Но все-таки он оставался военным летчиком.
«У меня брат – военный летчик», – говорил Сережа в школе. Он любил это сказать просто, без причины. Военные были высшей кастой.
Когда Славик приезжал, они всегда играли в войну. Они устраивали свою маленькую войну. Это было их со Славиком дело. Он бы хотел поиграть и втроем, с папой, но папа в присутствии Славика отказывался, он как бы отдавал право Славику как старшему, хотя был старее.
В этот раз Славик приехал с женой Мариной и маленьким Ромкой, который у них родился.
Она была выше Славика на полголовы. У нее была тяжелая коса и мягкое, очень мягкое лицо. Такое лицо, подумал он, не нужно, нет нужды уважать или бояться, потому что его так легко можно любить. То есть он тогда, в семь лет, не так подумал, это были какие-то силуэты мыслей, круги по воде, тени в пещере… На нее хотелось смотреть.
У нее была длинная темно-синяя юбка, черные колготки, белая блузка, ступни с выступающими мысками, довольно крупные, и крупные ладони. Она ходила плавно, тихо, чуть набок опустив голову к ребенку, всегда что-то шепча ему или разговаривая с ним молча, глазами.

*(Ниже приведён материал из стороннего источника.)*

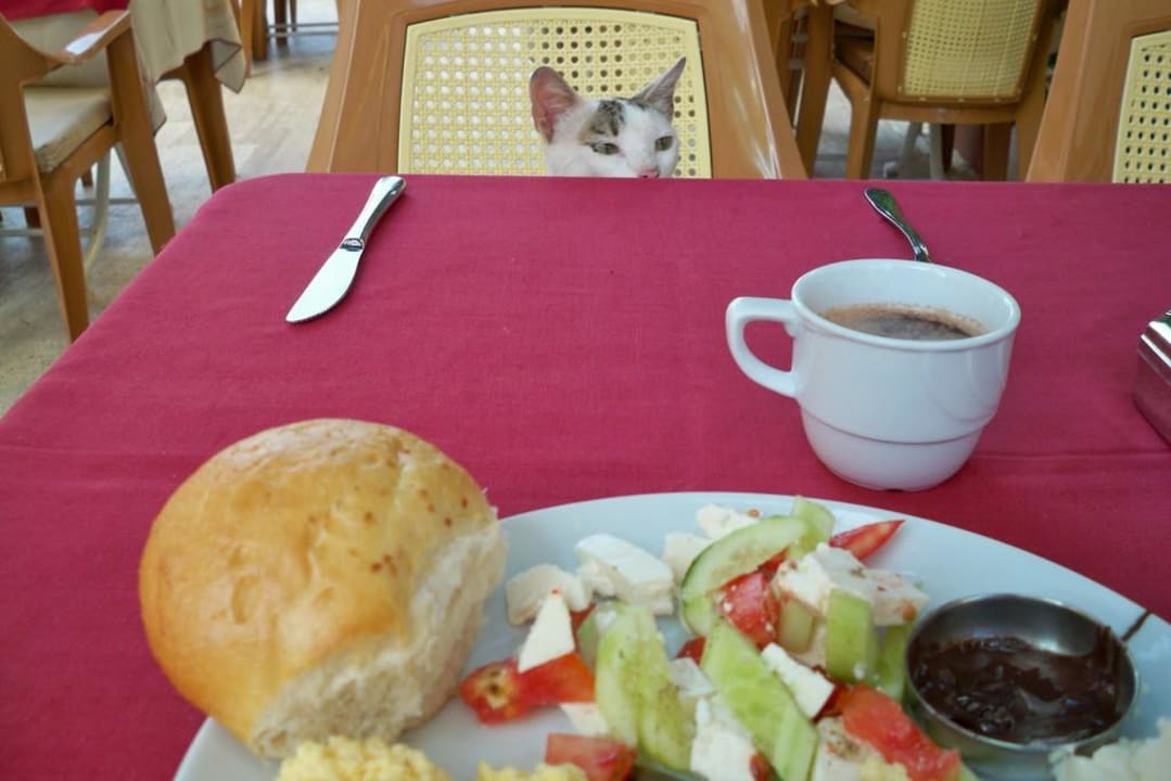 Frühstückstischauf dem Hotelgelände waren immer drei vier Katzen, die auch zu den Mahlzeiten um die Beine schlichen... die einen gaben ihnen was zu essen, die anderen haben sie verscheucht... aber ein kleines bisschen nervig waren die Katzen beim Essen schon....

С другими она разговаривала мало, неохотно, и, хотя всегда была готова смущенно улыбнуться и ответить, выдавить несколько слов, как остатки молока из груди, ему казалось, что маме она все же не понравилась. И это отчего-то было неприятно, неприятно в сторону мамы.
– Перестань, – мягко и одновременно твердо сказала она Славику, когда все сидели за столом. – Ну хватит, Слав. – И посмотрела, чуть улыбаясь, серьезными темными глазами.
– Да я чуть-чуть, Мариш. – Славик заерзал на табуретке.
– А чё, Марин, он чуть-чуть… Мы все по чуть-чуть, – виновато сказал отец, подливая.
– Да правда, что, Марин, – недобро усмехнулась мама. – Каждый день встречаемся, что ли. Все свои, все родня.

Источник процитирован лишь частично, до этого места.